▶ [Given data]
== == ==

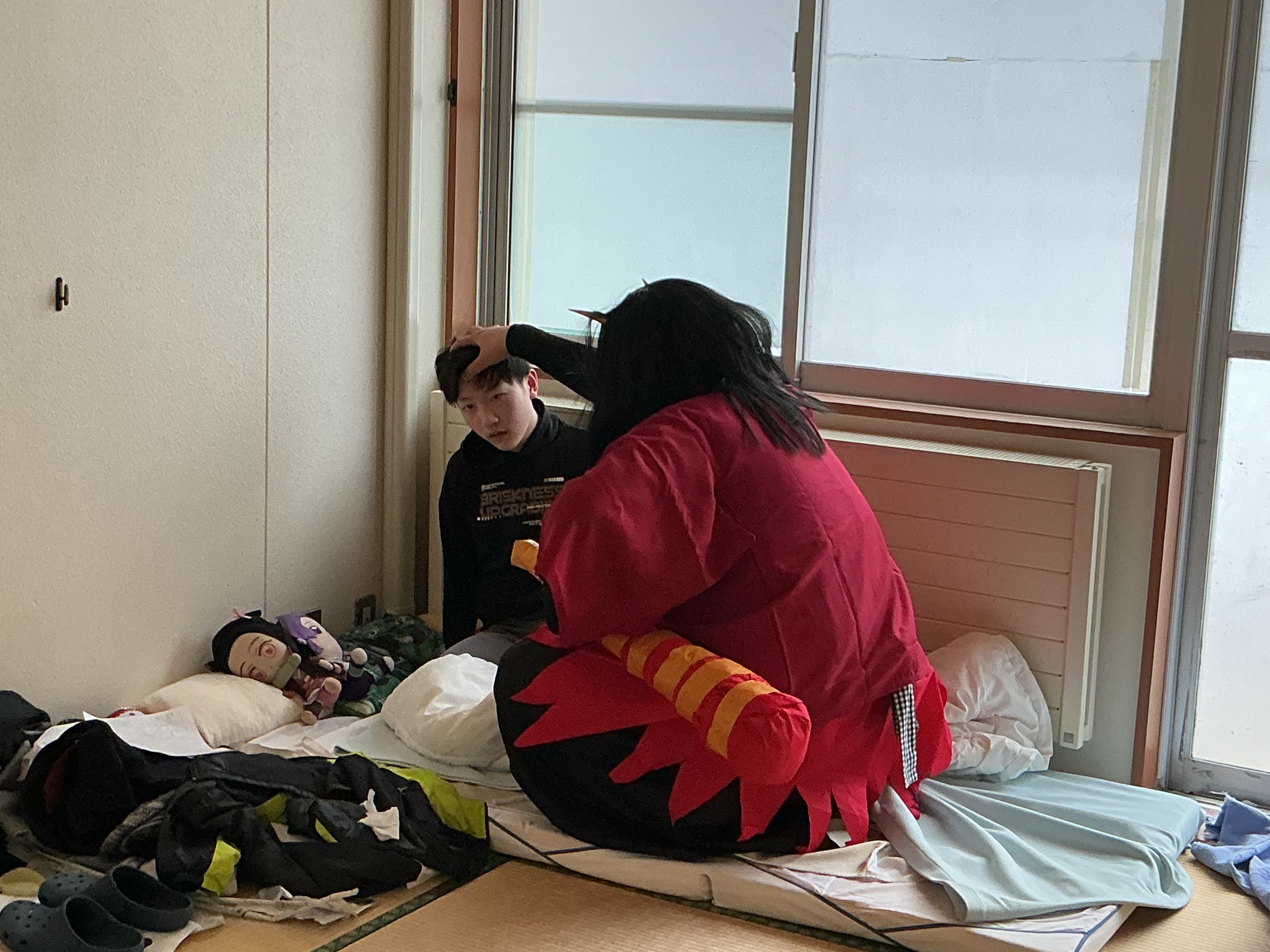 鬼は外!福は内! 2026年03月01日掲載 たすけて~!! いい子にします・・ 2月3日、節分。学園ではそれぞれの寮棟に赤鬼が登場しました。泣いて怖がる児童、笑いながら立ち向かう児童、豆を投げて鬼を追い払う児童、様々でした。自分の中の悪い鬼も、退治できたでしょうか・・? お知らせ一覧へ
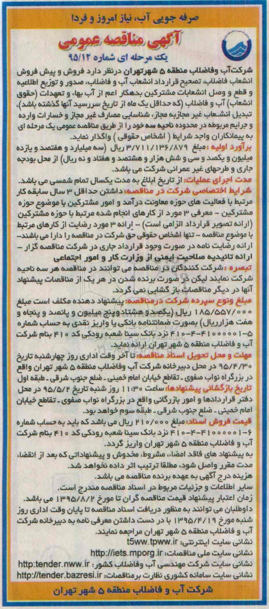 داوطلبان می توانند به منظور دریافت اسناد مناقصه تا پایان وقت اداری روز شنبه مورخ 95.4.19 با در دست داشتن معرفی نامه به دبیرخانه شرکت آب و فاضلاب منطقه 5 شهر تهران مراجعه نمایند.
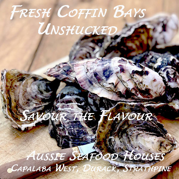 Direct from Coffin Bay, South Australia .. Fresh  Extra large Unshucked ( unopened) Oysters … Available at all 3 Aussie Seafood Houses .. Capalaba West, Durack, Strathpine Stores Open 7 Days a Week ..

== == ==

▶ [Exercise prompt] An acceptable answer consists of the lines above from the one holding "داوطلبان می توانند" to the end of the data, repeated exactly and containing no pictures.

▶ [Exercise answer]
 داوطلبان می توانند به منظور دریافت اسناد مناقصه تا پایان وقت اداری روز شنبه مورخ 95.4.19 با در دست داشتن معرفی نامه به دبیرخانه شرکت آب و فاضلاب منطقه 5 شهر تهران مراجعه نمایند.
 Direct from Coffin Bay, South Australia .. Fresh  Extra large Unshucked ( unopened) Oysters … Available at all 3 Aussie Seafood Houses .. Capalaba West, Durack, Strathpine Stores Open 7 Days a Week ..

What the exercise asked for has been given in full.